(DATA TO PROCESS)

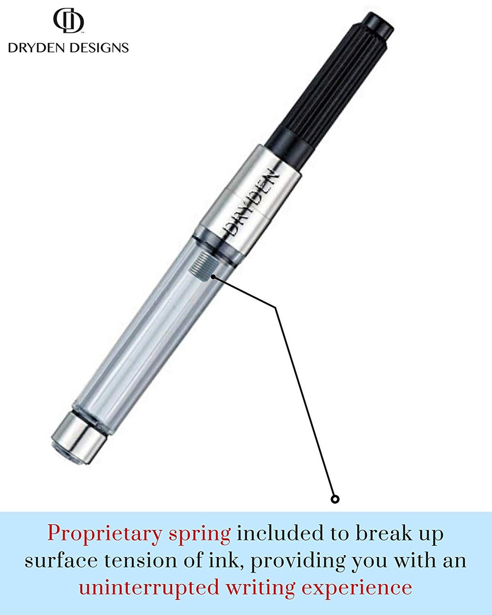 CONVERTIDOR TWIST para facilitar la carga y dispensación de tinta! Un resorte se incluye en el interior del convertidor para romper la tensión superficial de la tinta, que le proporciona un flujo ininterrumpido de tinta; TAMAÑO universal compatible con casi todas las plumas estilográficas en el mercado. Si su pluma acepta Norma Internacional de cartuchos de tinta de tamaño, se puede aceptar la tinta Dryden convertidor !; DISEÑO amplias como para sostener una cantidad generosa de tinta !; PUSH IN estilo para una experiencia libre de problemas .; Marco robusto para años de escritura hermosa! Convertidor Todos nuestros productos estan en inglés SKU 27061934857
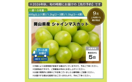 - 【2026年発送分 先行予約】岡山県産 シャインマスカット (600g/1.2kg/1.5kg)【ご家庭用】【025-a034】【025-a035】【025-a036】
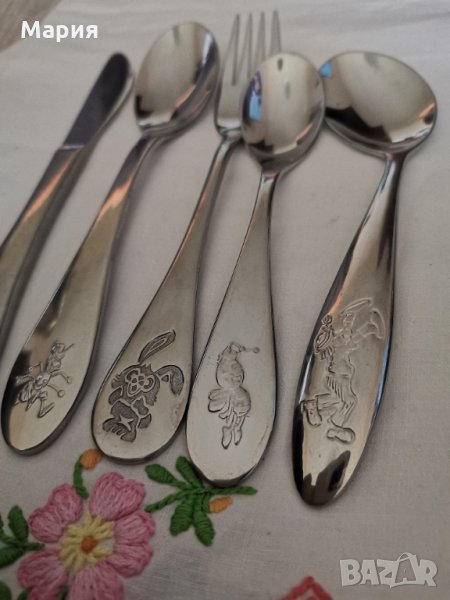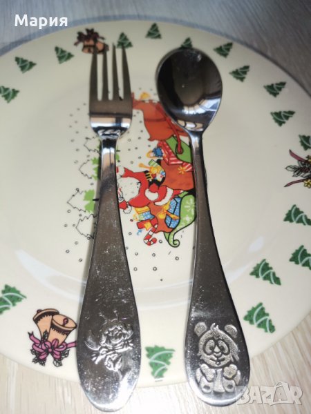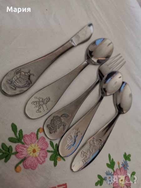 Прибори за хранене за дете, ергономични, удобни за хранене, заоблени ръбове за безопасна употреба, неръждаема стомана, маркировка. Сет от 5 броя прибора - вилица, лъжица, нож и два броя десертни лъжички цена 20лв.
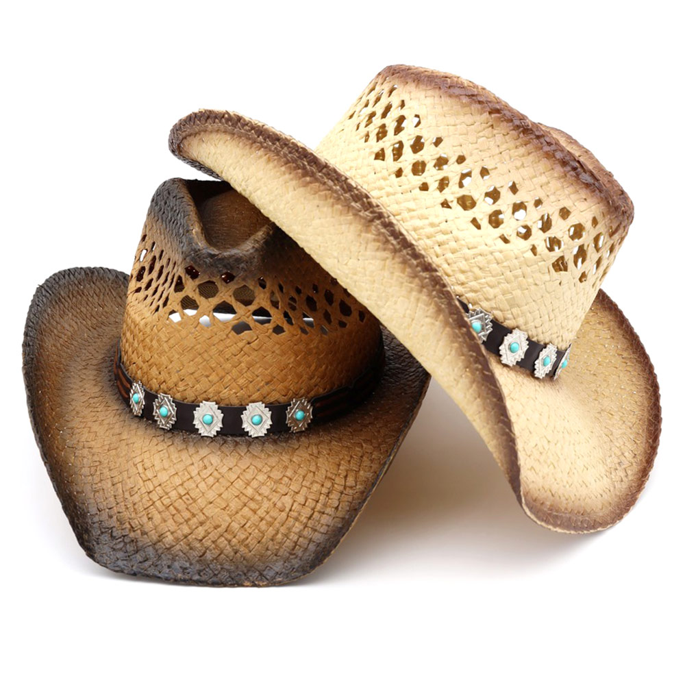 Turquoise Stone Faux Leather Band Aged Look Two Tone Western Woven Cowboy Hat
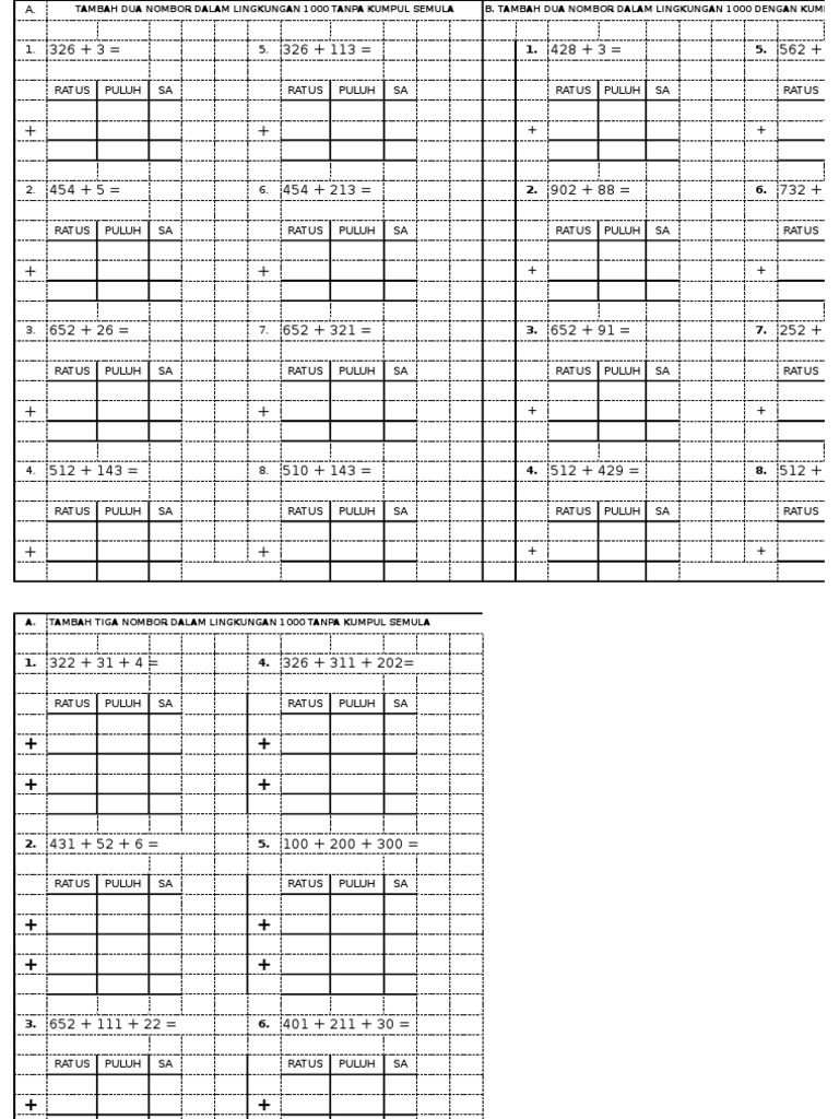 Sudut Matematik Lembaran Kerja 3 Operasi Tambah
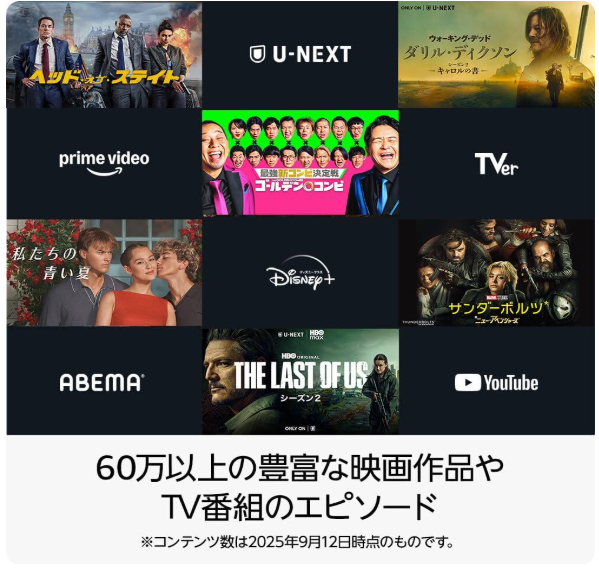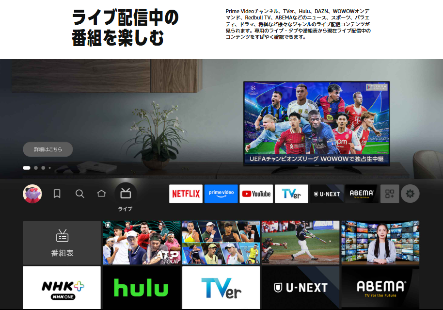 また、サービスのショートカットボタンも時代に合わせて更新されており、「TVer」や「U-NEXT」など、利用頻度の高いアプリが配置されている点も嬉しいポイントです。
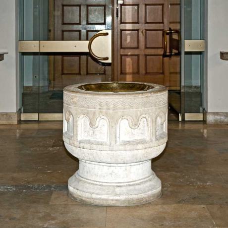 Der Taufstein von 1901 steht seit 1988 als zentrales Weihwasserbecken im Eingangsbereich der Kirche.
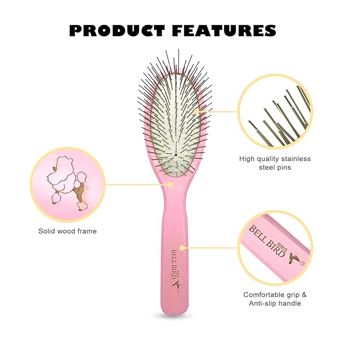 - 🐾DURABLE MATERIALS - Made of lightweight, hard-wearing wood. First-rate stainless-steel pins and polished tips are the smoothest offered. Made with natural and durable materials, our brush can last for years. You don’t have to ask for other dog fittings, our brush saves both your time and money.
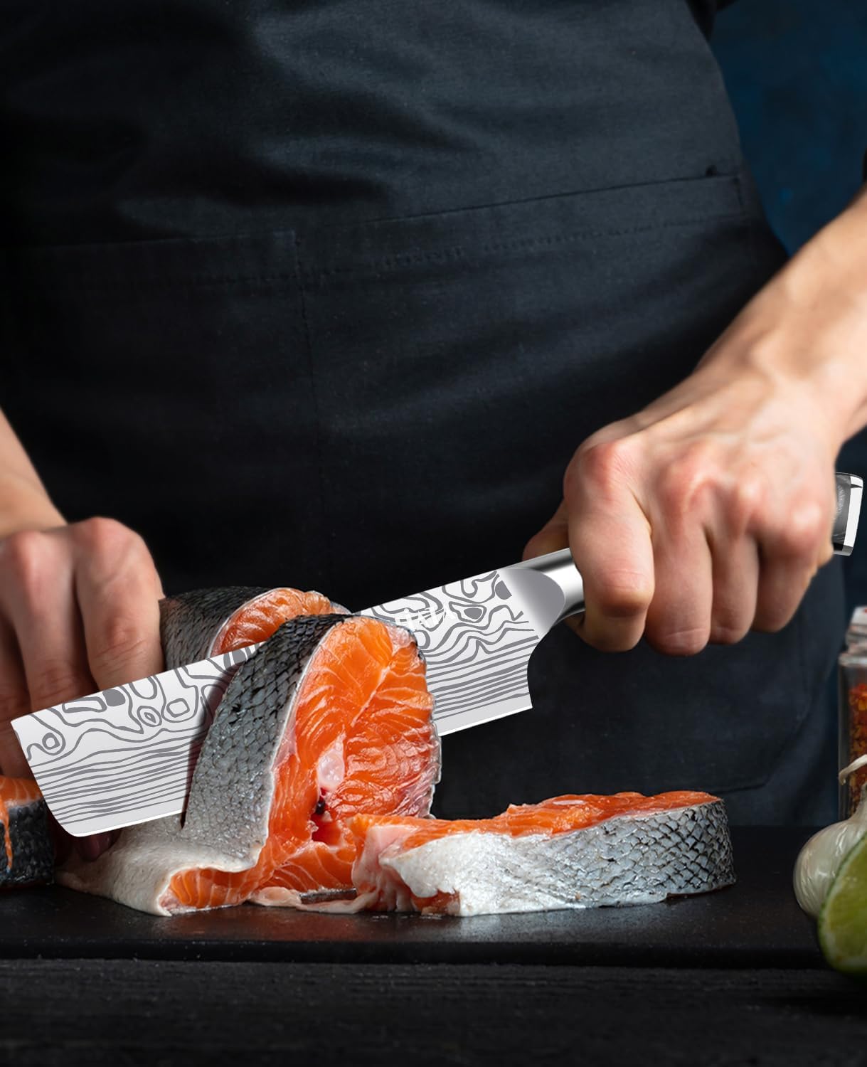 - 【Hochwertige Edelstahlklinge】Das professionelle Küchenmesser aus hochwertigem Karbon Edelstahl und enthält 0,6-0,75% Kohlenstoff, 16-18% Chrom, 56-58 Rockwell-Härte, Es hat hoher Korrosionsbeständigkeit,hoher Härte,Verschleissfestigkeit. Nach langer Gebrauch beschlagen oder verblassen Kochmesser nicht.
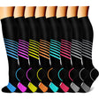 - MULTICOLOR COMBO - You get a color combination of your choice. Perfect for a whole week without daily wash. You are getting an amazing offer to keep your feet stay with optimal compression all the time (See the 7th image for the Size Chart)! High quality stitched & Easy to get on even though they are compression socks!
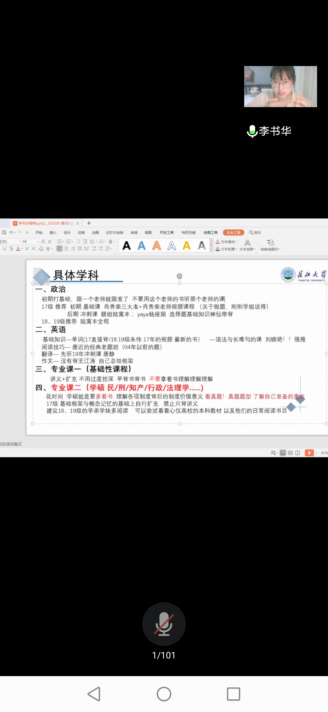 为充分吸取2016级学姐的考研经验,提高法学院的整体考研率,法学院于7月5日晚上7点30分开展了线上考研分享会,此次会议邀请了2016级李书华、程凯琦、程文赟三位学姐进行考研经验分享,此次分享会由舒勇担任主持,法学院学工办主任杨琳丽及法学院全体本科同学参与此次会议。
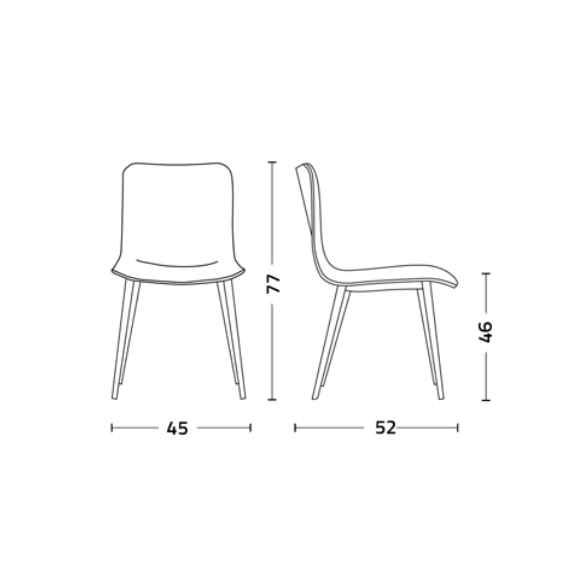 Con dimensioni bilanciate (L 45 x P 52 x H 77, Hs 46 cm), la sedia Dandy.tt si adatta perfettamente a qualsiasi tavolo da pranzo o area living, offrendo comfort e stile senza compromessi.

(End DATA TO PROCESS)

§ WORK TASK
Pictures must be left out when the records are transcribed exactly.

§ YOUR SOLUTION
 CONVERTIDOR TWIST para facilitar la carga y dispensación de tinta! Un resorte se incluye en el interior del convertidor para romper la tensión superficial de la tinta, que le proporciona un flujo ininterrumpido de tinta; TAMAÑO universal compatible con casi todas las plumas estilográficas en el mercado. Si su pluma acepta Norma Internacional de cartuchos de tinta de tamaño, se puede aceptar la tinta Dryden convertidor !; DISEÑO amplias como para sostener una cantidad generosa de tinta !; PUSH IN estilo para una experiencia libre de problemas .; Marco robusto para años de escritura hermosa! Convertidor Todos nuestros productos estan en inglés SKU 27061934857
 - 【2026年発送分 先行予約】岡山県産 シャインマスカット (600g/1.2kg/1.5kg)【ご家庭用】【025-a034】【025-a035】【025-a036】
 Прибори за хранене за дете, ергономични, удобни за хранене, заоблени ръбове за безопасна употреба, неръждаема стомана, маркировка. Сет от 5 броя прибора - вилица, лъжица, нож и два броя десертни лъжички цена 20лв.
 Turquoise Stone Faux Leather Band Aged Look Two Tone Western Woven Cowboy Hat
 Sudut Matematik Lembaran Kerja 3 Operasi Tambah
 また、サービスのショートカットボタンも時代に合わせて更新されており、「TVer」や「U-NEXT」など、利用頻度の高いアプリが配置されている点も嬉しいポイントです。
 Der Taufstein von 1901 steht seit 1988 als zentrales Weihwasserbecken im Eingangsbereich der Kirche.
 - 🐾DURABLE MATERIALS - Made of lightweight, hard-wearing wood. First-rate stainless-steel pins and polished tips are the smoothest offered. Made with natural and durable materials, our brush can last for years. You don’t have to ask for other dog fittings, our brush saves both your time and money.
 - 【Hochwertige Edelstahlklinge】Das professionelle Küchenmesser aus hochwertigem Karbon Edelstahl und enthält 0,6-0,75% Kohlenstoff, 16-18% Chrom, 56-58 Rockwell-Härte, Es hat hoher Korrosionsbeständigkeit,hoher Härte,Verschleissfestigkeit. Nach langer Gebrauch beschlagen oder verblassen Kochmesser nicht.
 - MULTICOLOR COMBO - You get a color combination of your choice. Perfect for a whole week without daily wash. You are getting an amazing offer to keep your feet stay with optimal compression all the time (See the 7th image for the Size Chart)! High quality stitched & Easy to get on even though they are compression socks!
 为充分吸取2016级学姐的考研经验,提高法学院的整体考研率,法学院于7月5日晚上7点30分开展了线上考研分享会,此次会议邀请了2016级李书华、程凯琦、程文赟三位学姐进行考研经验分享,此次分享会由舒勇担任主持,法学院学工办主任杨琳丽及法学院全体本科同学参与此次会议。
 Con dimensioni bilanciate (L 45 x P 52 x H 77, Hs 46 cm), la sedia Dandy.tt si adatta perfettamente a qualsiasi tavolo da pranzo o area living, offrendo comfort e stile senza compromessi.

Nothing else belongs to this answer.